The HPLC-purified proteins were screened for their ability to induce a DTH reaction in mice sensitized earlier with a sublethal dose (0.5×LD₅₀) of Salmonella serovar Typhimurium. The footpad swelling was measured at 3, 6, 24, 48, and 72 h postinjection. Various patterns of swelling were seen in animals injected with different proteins (Fig. 8). The injection of both purified proteins into mice initially induced significant footpad swelling (1.61 mm and 2.89 mm) after 3 h of administration, which further increased at 6 h (2.98 mm and 3.7 mm). However, the response induced by the protein P^49B immunization quickly began to decrease, and at 24 h the swelling induced by P^49B was only 0.9 mm. On the other hand, the footpad swelling in animals immunized with P^49A continued to increase and was 4.3 mm at 24 h and 3.39 mm at 48 h. This swelling subsided to a value of 0.08 mm at 72 h. The results confirmed that only protein P^49A was effective in inducing a DTH response in immunized animals.

FIG. 8. — DTH response induced upon injection of the two 49-kDa OMPs purified by HPLC. The values plotted were obtained after subtracting the values of footpad swelling induced in saline-injected feet.

Humoral response.

The immunodiffusion experiment showed that P^49A evoked a significant humoral response in rats and mice (data not shown), and the serum of immunized animals reacted with the protein. Figure 9 shows the results of the experiment to check the protective nature of anti-P^49A antibodies.
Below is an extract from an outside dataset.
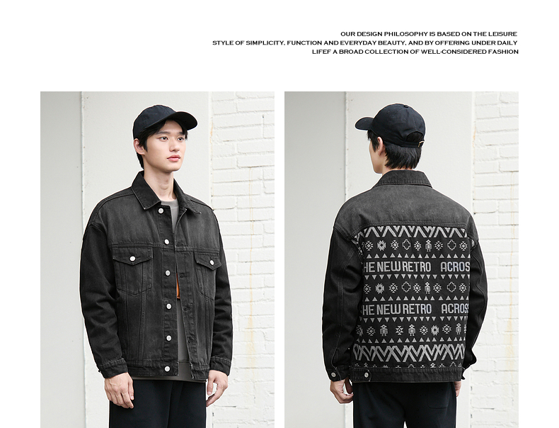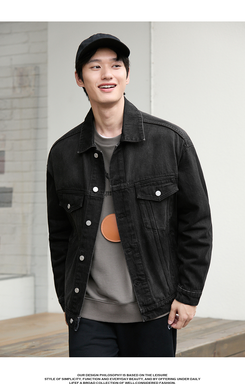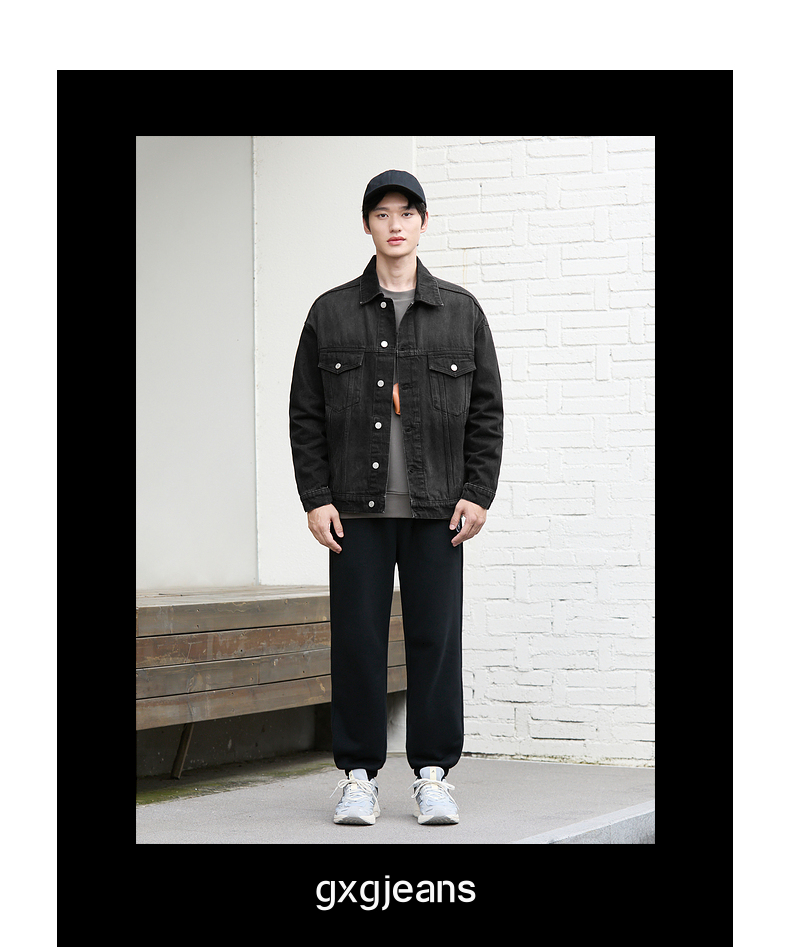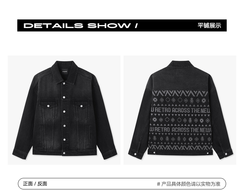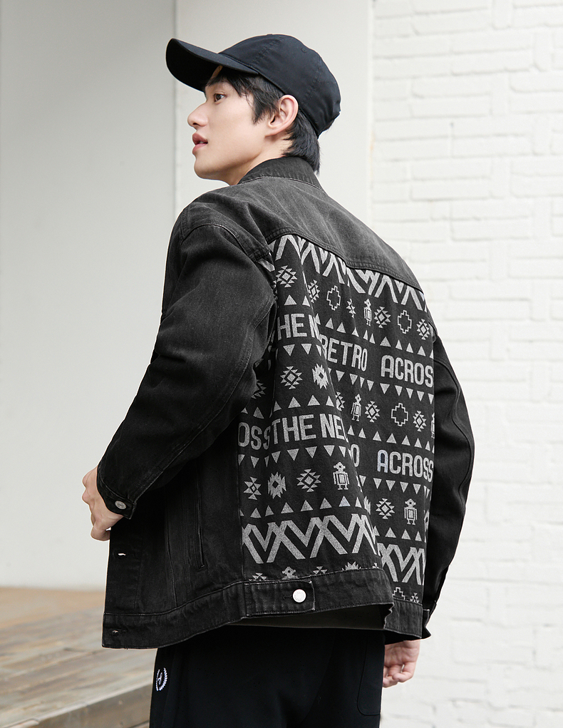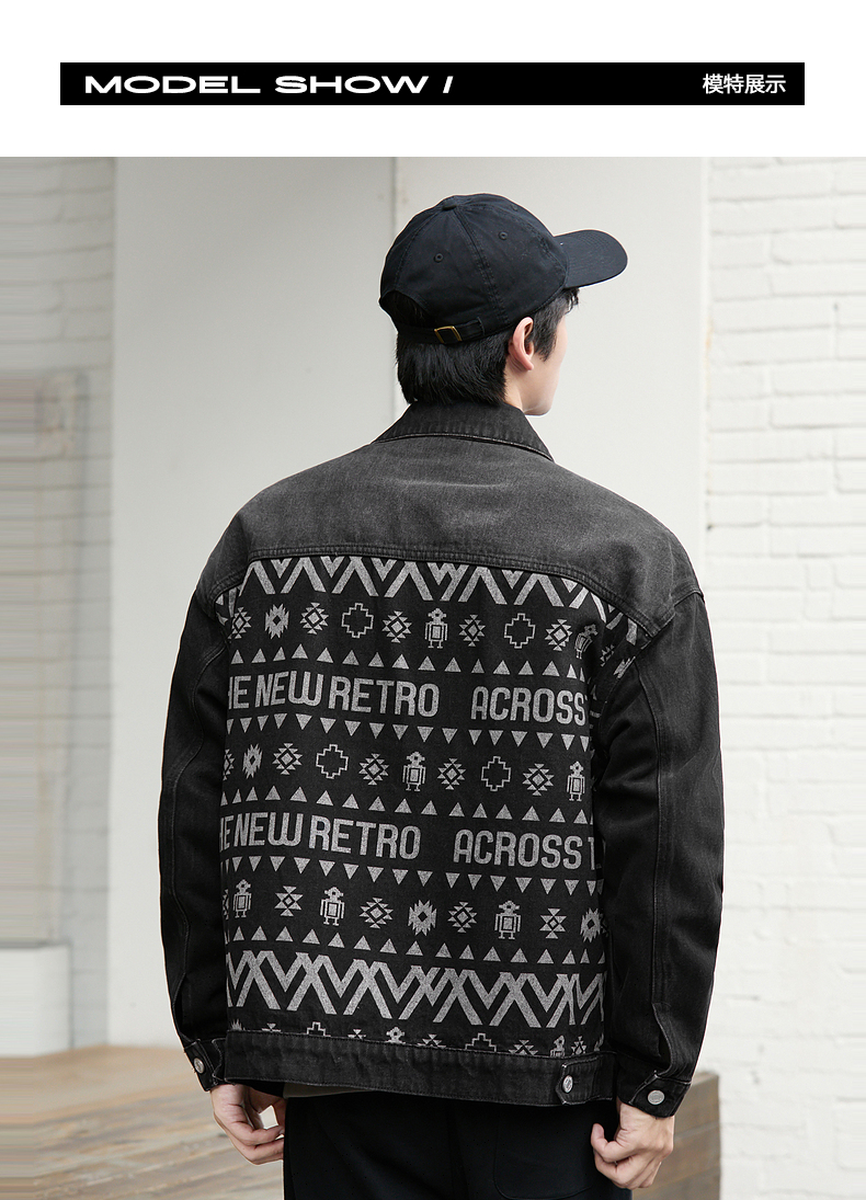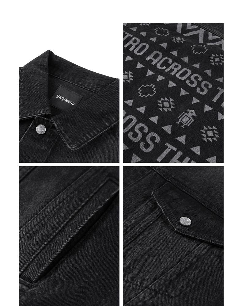 gxgjeans男装秋季个性印花夹克黑色翻领牛仔夹克外套男

Wells 1A, 2A, and 3A had the Salmonella serovar Typhi culture, and wells 1B, 2B, and 3B had E. coli cells. To wells 1A, 1B, 2A, and 2B the serum (1:10 dilution) from animals immunized with P⁴⁹ was added, while wells 3A and 3B received the serum from unimmunized animals. It was found that serum from immunized animals was able to agglutinate Salmonella serovar Typhi (wells 1A and 1B) but not E. coli (wells 1B and 2B). The serum from unimmunized animals did not show any agglutination of either Salmonella serovar Typhi (well 3A) or E. coli (well 3B).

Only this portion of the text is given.